#### [Exercise instructions]
Quote all of the data exactly as given. Skip every picture it contains.

#### [Recorded data]
== Segment start ==
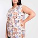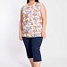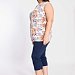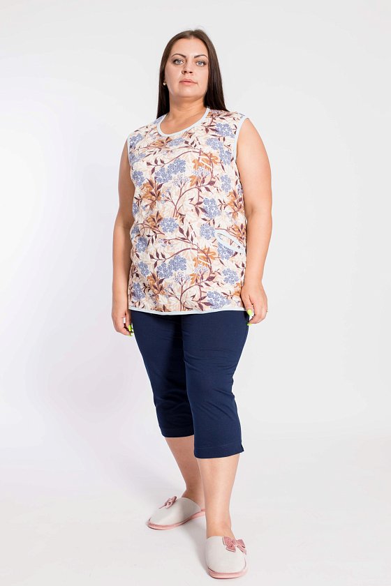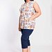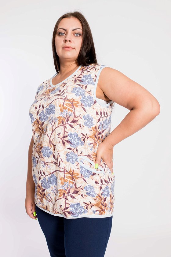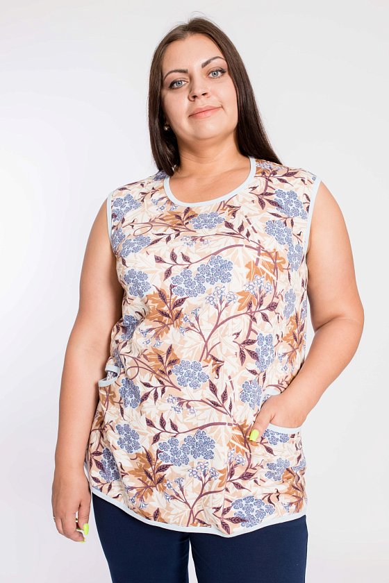 Майка женская выполнена из лёгкой хлопковой ткани с набивным рисунком. Крой прямой, вырез горловины круглый. Спереди расположены два накладных кармана. Горловина, проймы, карманы и низ изделия обработаны бейкой контрастного цвета.
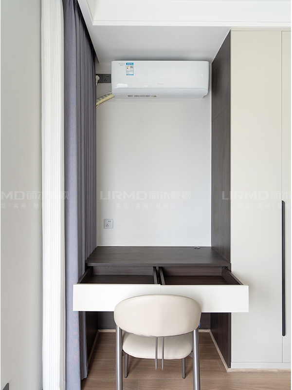 臥室衣柜不僅有常規的長衣短衣區分布設計,還有飾品拉籃,褲架拉籃
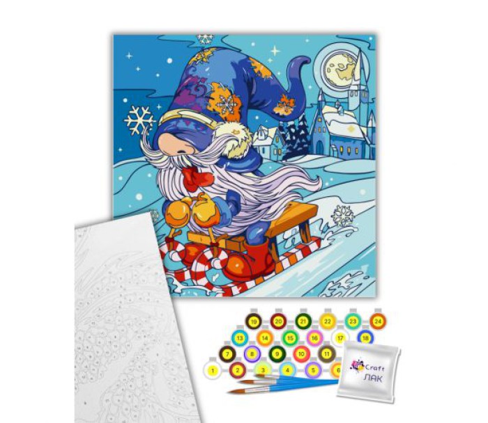 Картина за номерами. Для того, щоб намалювати картину, необхідно малювати за пронумерованими контурами, які відповідають кольору фарби. У наборі: полотно на підрамнику з галерейною натяжкою, паперовий дублікат з контурним малюнком картини (на картині нанесена схема контурів зображення з нумерацією), художні нейлонові пензлі, палітра акрилових фарб у контейнерах. Усі необхідні фарби вже в комплекті та не вимагають змішування. Розмір: 40х40 см.
== Segment end ==
#### [Solution for this exercise]
 Майка женская выполнена из лёгкой хлопковой ткани с набивным рисунком. Крой прямой, вырез горловины круглый. Спереди расположены два накладных кармана. Горловина, проймы, карманы и низ изделия обработаны бейкой контрастного цвета.
 臥室衣柜不僅有常規的長衣短衣區分布設計,還有飾品拉籃,褲架拉籃
 Картина за номерами. Для того, щоб намалювати картину, необхідно малювати за пронумерованими контурами, які відповідають кольору фарби. У наборі: полотно на підрамнику з галерейною натяжкою, паперовий дублікат з контурним малюнком картини (на картині нанесена схема контурів зображення з нумерацією), художні нейлонові пензлі, палітра акрилових фарб у контейнерах. Усі необхідні фарби вже в комплекті та не вимагають змішування. Розмір: 40х40 см.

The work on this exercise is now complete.